Although Bt ATCC700388 and Bt E264 represent the same bacterial strain, the specific isolates chosen for sequencing were stored at independent centers (DMERI and USAMRIID), and Bt ATCC700388 exhibits a slightly reduced growth rate compared to Bt E264 (Additional file 2). An analysis of the E264 and ATCC700388 genome sequences revealed that they were near identical except for : I) a chromosomal inversion of 2 Mbp on Chr 1, from position 12442442 (BTH_I1099) to 3328461 (BTH_I2895) based on the E264 genome sequence, II) 4 genes that are absent in ATCC70388, and III) 80 genes with putative protein sequence-altering DNA polymorphisms between the two strains (a full list of these genes is presented in Additional file 3). An initial resequencing analysis of genes in category III) revealed that several of the putative DNA 'polymorphisms' were sequencing artifacts, and thus an extensive analysis of genes in this category was not pursued further (Additional file 3). Of the four ATCC70388 absent genes, two genes (Bth_I1484 and Bth_I1485) were experimentally validated by PCR (Chua HH, data not shown) and encode components of a Type II Oligo-polysaccharide (OPS) synthesis gene cluster . It is possible that the lack of these genes in ATCC700388 may contribute towards the observed growth differences by affecting Bt cell wall and membrane biogenesis. Although this hypothesis is supported by studies of the Bth_I1484 homolog in B. subtilis (TagO, 22), we emphasize that it is still highly speculative and needs to be further investigated. As the genomes of both strains (ATCC700388 and E264) were largely similar, we decided to adopt the finished E264 genome, after incorporating corrections for a few sequencing errors, as a reference Bt genome to compare against Bp.
Genome features of Bt
Genome features of Bt and Bp
No. of genes
Average gene length (nt)
%G + C content
No. of Specific genes
No. of conserved genes
Genomic synteny and large-scale differences between the Bp and Bt genomes
Five examples of genomic difference from three categories: Bp-specific; Bt-specific and Bp-Bt divergent. Genes associated with genomic islands are not included in this table
Bp-Bt divergent genes
Functional notes of Bt gene
Functional notes of Bp gene
biosynthesis; lipid transport and metabolism genes
including lipopolysaccharides biosynthesis genes; signal transduction mechanisms genes; etc.
including Energy production and conversion genes; transcriptional regulators etc.

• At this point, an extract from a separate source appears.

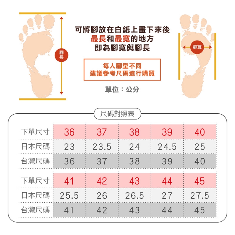 體驗說明:注意事項鑑賞期僅提供尺寸試穿是否合乎腳形及檢查商品有無瑕疵,並請於室內乾淨地板試穿,若商品鞋面、鞋底一經污損磨損或商品已穿外出、下水、吊卡撕毀恕不接受退換貨。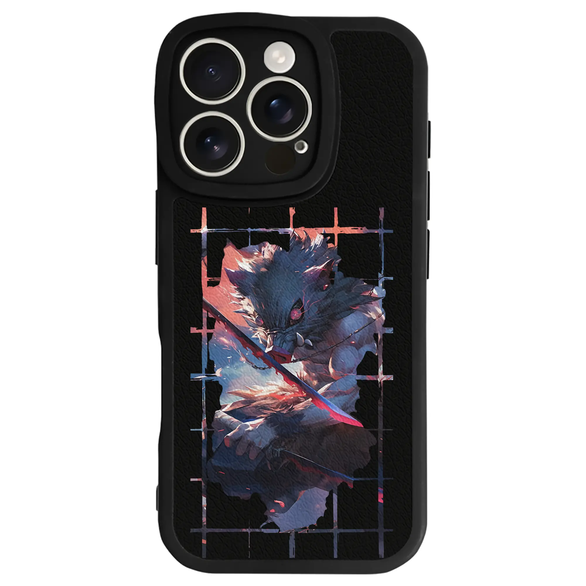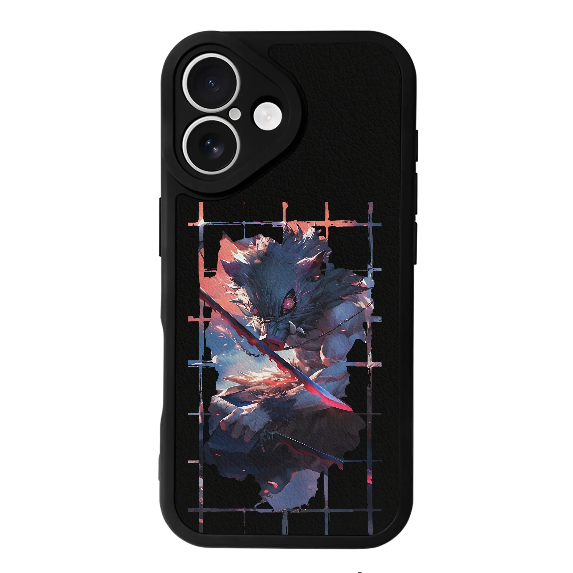 鬼滅の刃 グッズ,嘴平 伊之助 - IPhone 16シリーズ対応 ・ シリコンスマホケース ・ レザー調 ・ 高精度フィット ・ 耐衝撃 ・ ワイヤレス充電対応 ・ 精密カット

including Secondary metabolites biosynthesis; energy production and conversion genes
peptide synthetase (NRPS) cluster
Type III systems 1
RND multi-drug efflux
The Bp and Bt genome share similar protein family distributions
The SUPERFAMILY hidden Markov model library  is a database representing all proteins of known structure derived using Structural Classification of Proteins (SCOP) defined structural folds. We used SUPERFAMILY analysis to classify and compare evolutionarily related groups of domains between the two organisms. We queried the predicted proteomes of Bp and Bt against the SUPERFAMILY HMM library and obtained structural (and hence implied functional) assignments to protein sequences at the superfamily level for both species. This exercise produced 3706 Bt sequences with 721 unique SCOP superfamilies and 3645 Bp sequences with 705 unique SCOP superfamilies. The top 20 structural families assigned to Bp and Bt protein sequences are provided in supplementary table five (see Additional file 1). We found the distribution of different structural family assignments highly similar between Bp and Bt, supporting our basic conclusion that genomes of Bt and Bp are highly conserved. The most populated superfamily in both organisms were P-loop containing nucleoside triphosphate hydrolases (~7.7%), with a local sequence motif ([AG]-x(4)-G-K-[ST]) for ATP/GTP binding. The second and third most distributed superfamilies are winged helix DNA-binding domain (~6%) and NAD(P)-binding Rossmann-fold domains (~5%), which are involved in DNA-binding and NAD(P)-binding respectively.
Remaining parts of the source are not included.